Given records ▸
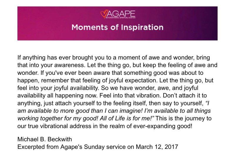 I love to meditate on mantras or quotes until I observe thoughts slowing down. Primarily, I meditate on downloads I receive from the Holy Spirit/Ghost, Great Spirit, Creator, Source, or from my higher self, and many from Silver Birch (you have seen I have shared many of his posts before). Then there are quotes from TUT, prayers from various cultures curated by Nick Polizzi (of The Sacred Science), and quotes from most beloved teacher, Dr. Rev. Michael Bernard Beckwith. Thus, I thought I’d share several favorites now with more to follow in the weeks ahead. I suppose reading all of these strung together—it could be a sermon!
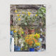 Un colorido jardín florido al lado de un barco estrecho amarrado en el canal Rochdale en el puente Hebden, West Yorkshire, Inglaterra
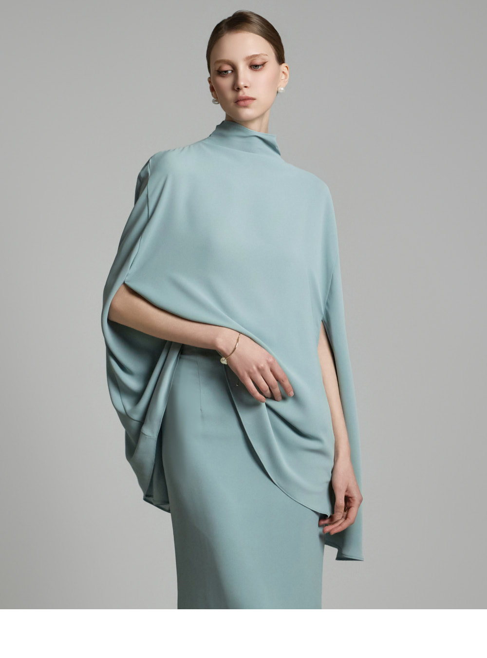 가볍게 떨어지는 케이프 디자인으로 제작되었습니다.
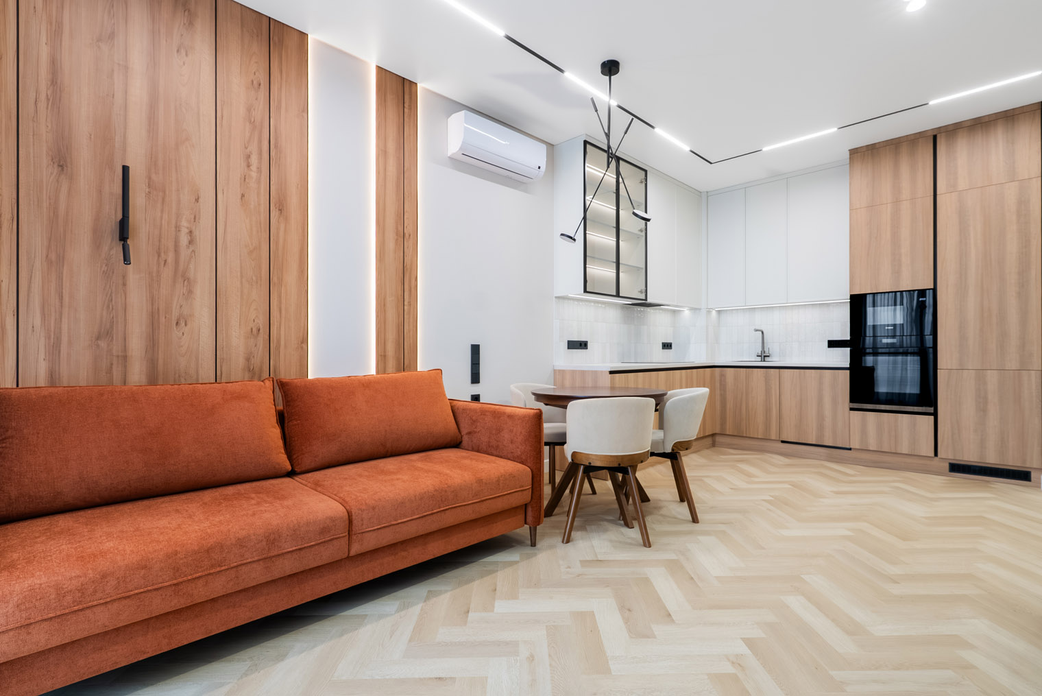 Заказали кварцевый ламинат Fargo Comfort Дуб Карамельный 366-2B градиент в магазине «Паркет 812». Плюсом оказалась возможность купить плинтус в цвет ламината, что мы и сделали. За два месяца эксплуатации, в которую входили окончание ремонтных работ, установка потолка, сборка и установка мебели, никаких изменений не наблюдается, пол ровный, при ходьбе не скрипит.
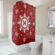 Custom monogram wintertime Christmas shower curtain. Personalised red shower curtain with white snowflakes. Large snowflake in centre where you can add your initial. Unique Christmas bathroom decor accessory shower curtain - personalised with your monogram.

Exercise description ▸ Reproduce, unchanged, each line between the one with "가볍게 떨어지는 케이프 디자인으로 제작되었습니다." and the last line of the material, both included; the pictures do not go in.

Reply to the exercise ▸
 가볍게 떨어지는 케이프 디자인으로 제작되었습니다.
 Заказали кварцевый ламинат Fargo Comfort Дуб Карамельный 366-2B градиент в магазине «Паркет 812». Плюсом оказалась возможность купить плинтус в цвет ламината, что мы и сделали. За два месяца эксплуатации, в которую входили окончание ремонтных работ, установка потолка, сборка и установка мебели, никаких изменений не наблюдается, пол ровный, при ходьбе не скрипит.
 Custom monogram wintertime Christmas shower curtain. Personalised red shower curtain with white snowflakes. Large snowflake in centre where you can add your initial. Unique Christmas bathroom decor accessory shower curtain - personalised with your monogram.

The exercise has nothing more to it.